The second-ever Golden Crown, handed out to some of the best examples of Manitoba prosecutors trying to deter and denounce unlawful conduct goes to…

Manitoba prosecutor Courtney St. Croix — for her handling of a particular youth court case that is, in my experience, exceptional in its thuggery.

Some preface is needed:

It would be very easy for Crowns (I’d surmise) when handling certain youth cases anyways, to simply throw up one’s prosecutorial hands and be done with things.
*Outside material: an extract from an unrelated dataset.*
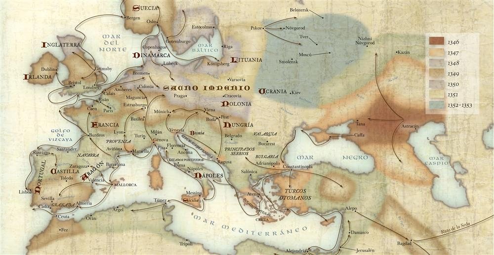 La procedencia de la epidemia: La peste, según el autor árabe Ibn al-Wardi, pudo tener origen en el «País de la Oscuridad», el kanato de la Horda de Oro, en territorio del actual Uzbekistán. Desde los puertos a las zonas interiores, la terrible plaga procedente de Asia se extendió por toda Europa en poco tiempo, ayudada por las pésimas condiciones higiénicas, la mala alimentación y los elementales conocimientos médicos.

Make a deal for probation and close the book on it.

The YCJA, and its emphasis on rehabilitation of young criminals first can (and some in the public overtly agree) thwart some citizens’ views of actual justice being done.

Those arguments are always met with a version of the same argument: “They’re just kids, and we don’t give up on kids.”

Now while that’s a worthwhile credo, sometimes kids do, to put it mildly, the darndest things.

Such was the case of now-16-year-old ‘S’, who faced the music Wednesday for her participation in two robberies in summer 2010.

My Winnipeg Sun story is here for the gist of things and to give the full flavor from the victim’s perspective of how serious the crime was, here in the robbery capital of Canada.

(Aside: How many other untold horror stories like this are out there?)

What’s interesting about the case is that the co-accused got a short, sharp shock in jail, despite her lesser degree of participation. Held the victim down and gave her one kick.

Not so for S. She walked away Wednesday with two years of supervised probation, admittedly with some stringent conditions for the first few months.

Despite randomly picking a stranger to attack, brutally beat and strangle for no apparent reason — two days after robbing another guy behind a 7-11 — S won’t do any real time.

Quoth the victim:

“The experience was terrifying. I remember pure terror and thinking I may die because people I have never met randomly decided that it might be so,” the victim, her voice often choking with emotion, said. “I vividly recall looking into (her attacker’s) eyes and saying, ‘Please don’t do this,’ right before she threw the first punch.”

Her pleas made no difference, she said. She told court she remembers being kicked in the head countless times and strangled with a scarf and a headphone cord as she lay prone, pinned to the ground by a co-accused — another teen girl. She eventually blacked out, she said.

The judge in the case, Sandra Chapman, cited her lack of criminal record, a somewhat positive PSR and a show of remorse as being among the reasons to keep her out of the MYC.

But I can’t help but feel it was the presence of the teen’s cooing newborn in court that really paved a jail-free road for her.

“I cannot ignore the importance of a mom to a baby at early stages,” Chapman said, who added putting her in juvie jail may simply aid in her re-involvement in crime.

All that aside — Crown attorney St. Croix walked into court that morning and asked — no, pushed — for the girl to go to real jail for what what was labeled a serious violent offence — a Crown request Chapman called “not unreasonable” in light of S’s brutal act.

And for that, Ms. St. Croix garners the second-ever Golden Crown award. Thanks for trying.